Vom Online-Shopping profitieren die KEP-Dienste (Kurier, Express und Paketdienste).

Bei der Deutschen Post DHL ist der Umsatz im Bereich Post-eCommerce-Parcel (PeP) im 1. Halbjahr um 7,8% gestiegen.

Neben der Porto-Erhöhung trugen Mengen-Steigerungen zu dieser positiven Entwicklung bei. Auch bei UPS setzte sich der starke Wachstums-Trend im Business-to-Consumer-Bereich (B2C) fort.

Der Umsatz des US-Paketgeschäfts erhöhte sich um 2,4%. Das Paketvolumen verbesserte sich im Tagesdurchschnitt um 2,5%, wobei die UPS- „Next Day Air“-Produkte und die „Ground“-Produkte um 5,6 bzw. 2,4% zulegten.

Im Paketbereich erwarten wir aufgrund der ständig zunehmenden Bedeutung des Online-Shoppings weiterhin steigende Volumina.
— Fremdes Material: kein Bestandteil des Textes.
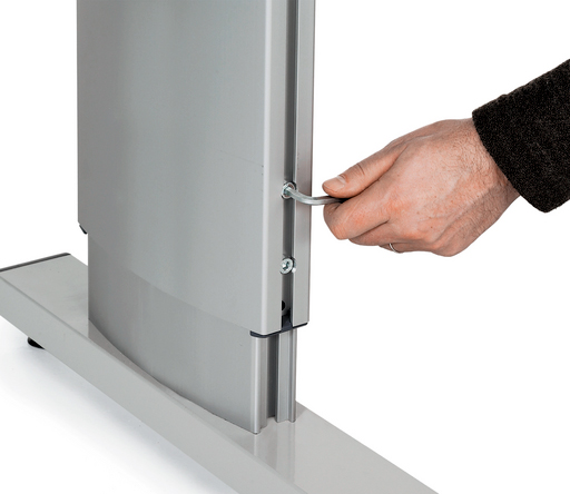 Průmyslový pracovní stůl s nastavením imbusovým klíčem se nejlépe hodí tam, kde je výškové nastavení potřeba jen zřídka. Jde o nejlevnější, ale také nejpracnější metodu nastavení výšky stolu.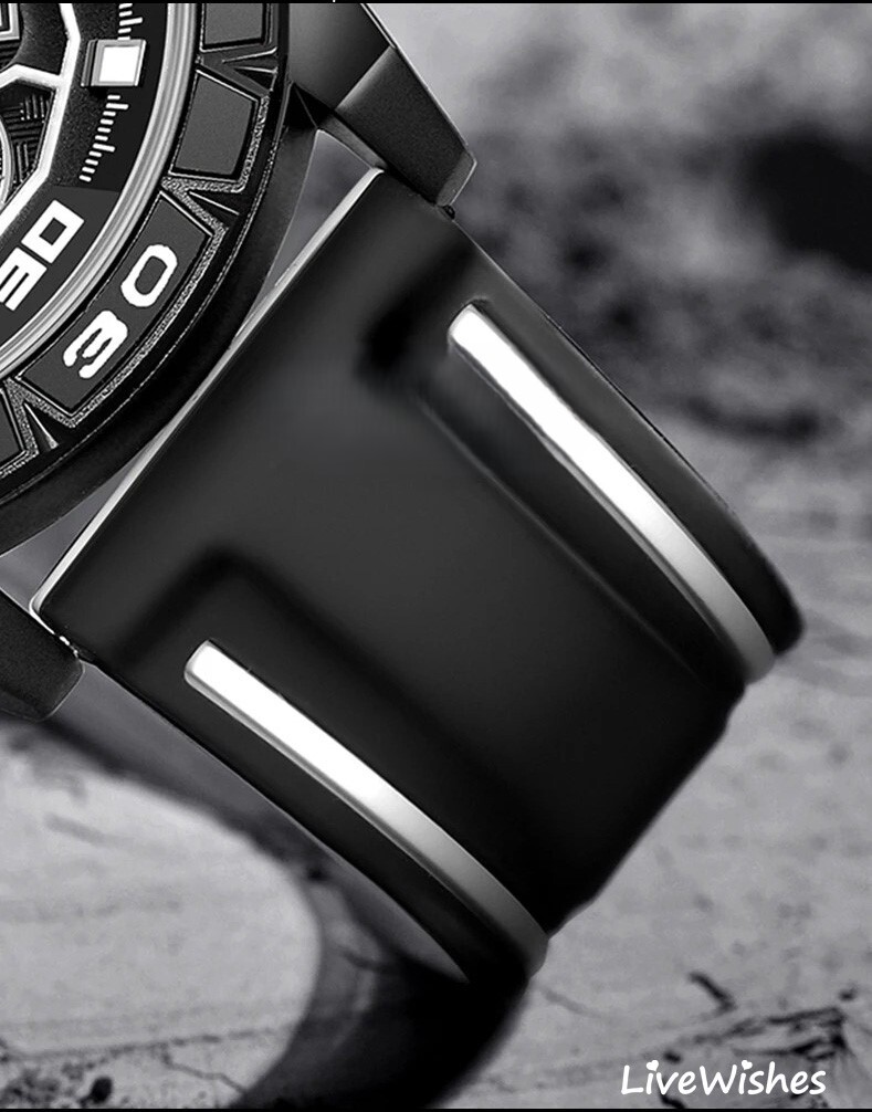 Особенные мужские наручные часы воплощают трэнд изысканного стиля и создают оригинальный дизайн мужского образа. Эти необычные мужские часы скелетон в спортивном стиле - модное украшение мужской руки. Корпус черного цвета выполнен из нержавеющей стали, обеспечивая долговечность и привлекательный внешний вид. Креативный дизайн мужских наручных часов сделает вас центром внимания в любой компании. Циферблат с перфорацией, напоминающей автомобильное колесо открывает работу кварцевого механизма, что делает часы необыкновенной деталью брутального мужского образа. Такое решение дизайнера делает загадочным этот аксессуар, мужская рука непрестанно ловит любопытные взгляды коллег или друзей. Светящийся циферблат позволяет определять время в ночное время суток или в темном помещении. Эти часы созданы для настоящих мужчин, будь то деловой молодой человек, студент или взрослый спортсмен, для которого важны стиль и внимание. Черный с белыми вставками силиконовый ремешок дружелюбно обхватывает запястье, а водонепроницаемость 3 АТМ позволяет гулять под дождем без опаски. К тому же кварцевый механизм обеспечивают точность хода без необходимости заводить, делая часы необходимым аксессуаром для современного мужчины. Эти стильные наручные часы упакованы в элегантную подарочную коробку, готовы стать идеальным презентом на любой праздник - Новый год, Рождество, День Святого Валентина, 23 февраля, профессиональный праздник или значимое событие День рождения, День свадьбы, окончание учебы, спортивная победа или романтическое свидание. Изысканный выбор для мужа, брата, друга, коллеги, партнера по бизнесу или любимого мужчины. Часы на руку прослужат долго за счет прочности материалов. Такие мужские аксессуары обязательно пригодятся для завершения образа.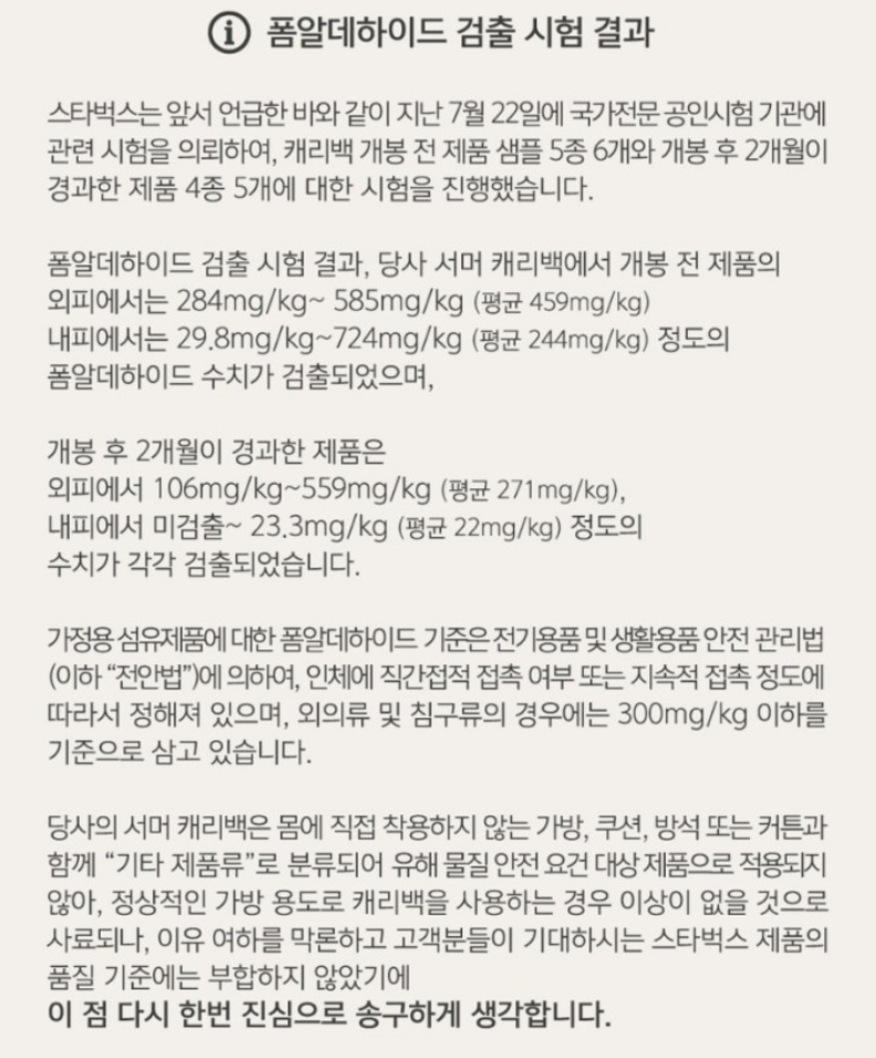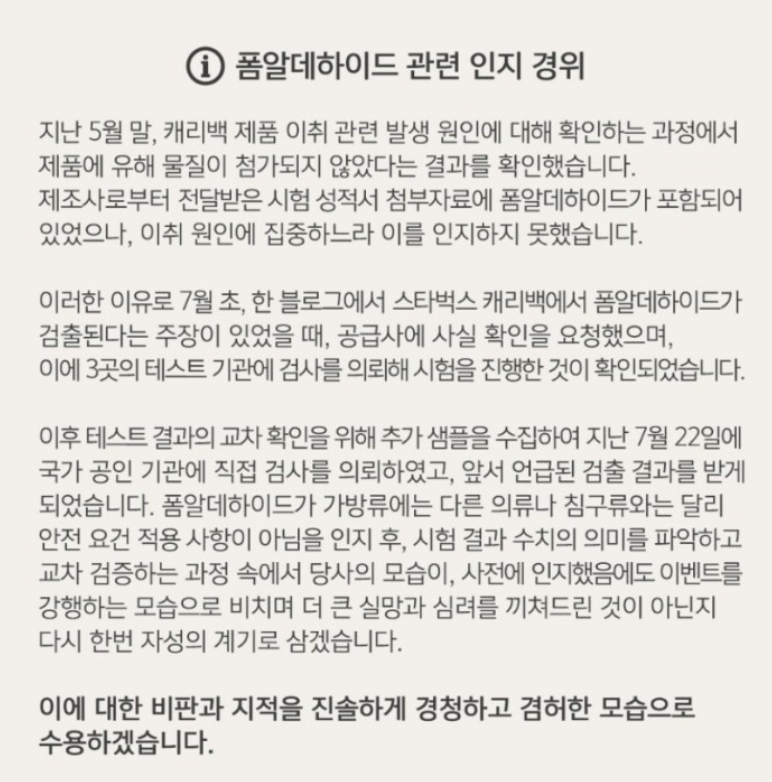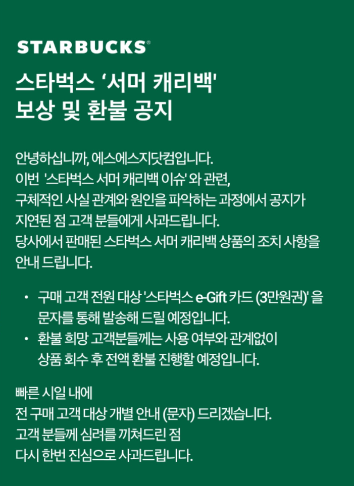 스타벅스코리아는 전일 서머 캐리백에서 1급 발암물질인 폼알데하이드가 일부 검출됐다는 사실을 인정하고 공식 사과했습니다. 이에 스타벅스 서머 캐리백에 대한 환불 또는 교환 조치가 있을 예정입니다. 구체적으로 어떻게 지급되는 지 살펴보도록 하겠습니다.

Die Entwicklung des internationalen Paket- und Frachtgeschäfts wiederum ist wesentlich von der Konjunktur-Entwicklung, den internationalen Handelsströmen und der damit verbundenen Preisentwicklung abhängig.

Wettbewerbs-Intensität und Preisdruck bleiben in diesem Bereich weiterhin hoch.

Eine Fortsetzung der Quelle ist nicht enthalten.